In custody battles, Meier said, “Women’s emotions are pathologized and then they are given mental disorder labels and have their children taken from them.”
This, certainly, has played into Spears’ own conservator case, which stemmed from her own custody battle with Federline, her ex-husband. Meier explains that the “holy grail” in family court is that custody arrangements should be shared between parents. Mothers who object to this often face consequences, she said.
“The pathologizing of mothers who resist default custody arrangements or don’t want to give up custody to the father is endemic,” she said. “And when mothers get upset, they are then called mentally ill. When they get angry, they are then called mentally ill.”
These labels of mental illness and disability can then continue to plague them as they continue to navigate the legal system. It has put Spears in the public eye for years as she has continued to perform and earn money even as the legal system limits her access to that income.
Also at play when there are allegations of abuse or domestic violence of any kind in a family is the issue of what’s known in the legal system as a label of “encapsulated delusion,” Meier said. This is when a woman is determined to be delusional by the court — but only about her allegations of her or her children having been abused. In these situations, she’s deemed to be completely functional and mentally sound in the other aspects of her life — including her professional life and performance.
Spears has been in the spotlight with her conservatorship in place, even taking up a performance residency in Las Vegas, but any person’s public-facing life is only part of the story.
“The law scaffolds this legal understanding that what happens in families is private,” Murray said. “But when it becomes abusive, then the state intervenes. But how do we find out when something is abusive if families are supposed to be kept private?”

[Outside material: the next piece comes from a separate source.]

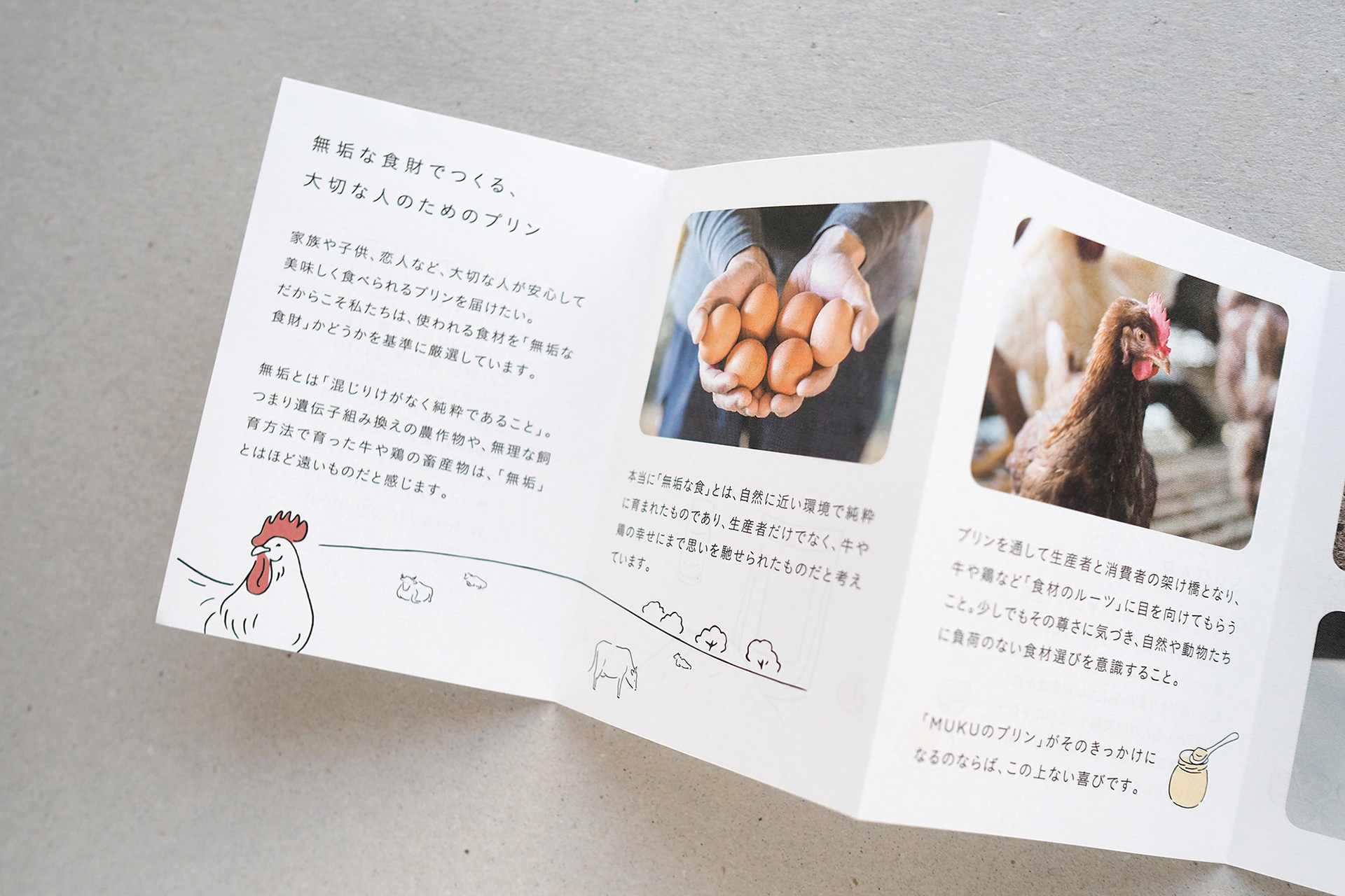 「無垢な食を、大切な人へ」を理念に、動物に負荷の少ない環境で育て上げられた作物を、安心・安全な製法で人々に届けることを目的に作られたブランド「MUKU」。tegusuでは、「MUKUのプリン」の販売にあわせ、VIの設計やパッケージ、WEBサイトなどを担当しました。(プリンの販売は既に終了しています)

Spears’ wealth and privilege could have also helped in perpetuating the abuse against her. Members of Spears’ family relied on her wealth and talent as their own source of economic sustenance, Murray pointed out.
Murray also noted that one large divide that exists between what is currently playing out with Spears and what happens in the more commonly seen family abuse scenarios within the child welfare system is that in that system, “children are mainly Black and Brown and don’t have the benefit of years in the spotlight.” They also, Murray said, don’t have the benefit of any modicum of privacy, as any interaction with any form of public support insists on all family life being put on display in exchange for accessing this kind of government-funded assistance.
“Families in the child welfare system, their lives are made public through public assistance. State subsidies preclude privacy,” said Murray. “Which is what makes Britney different: She’s wealthy and privileged, but that still wasn’t enough to insulate her from this kind of abuse nor enough to allow people to see what was really going on.”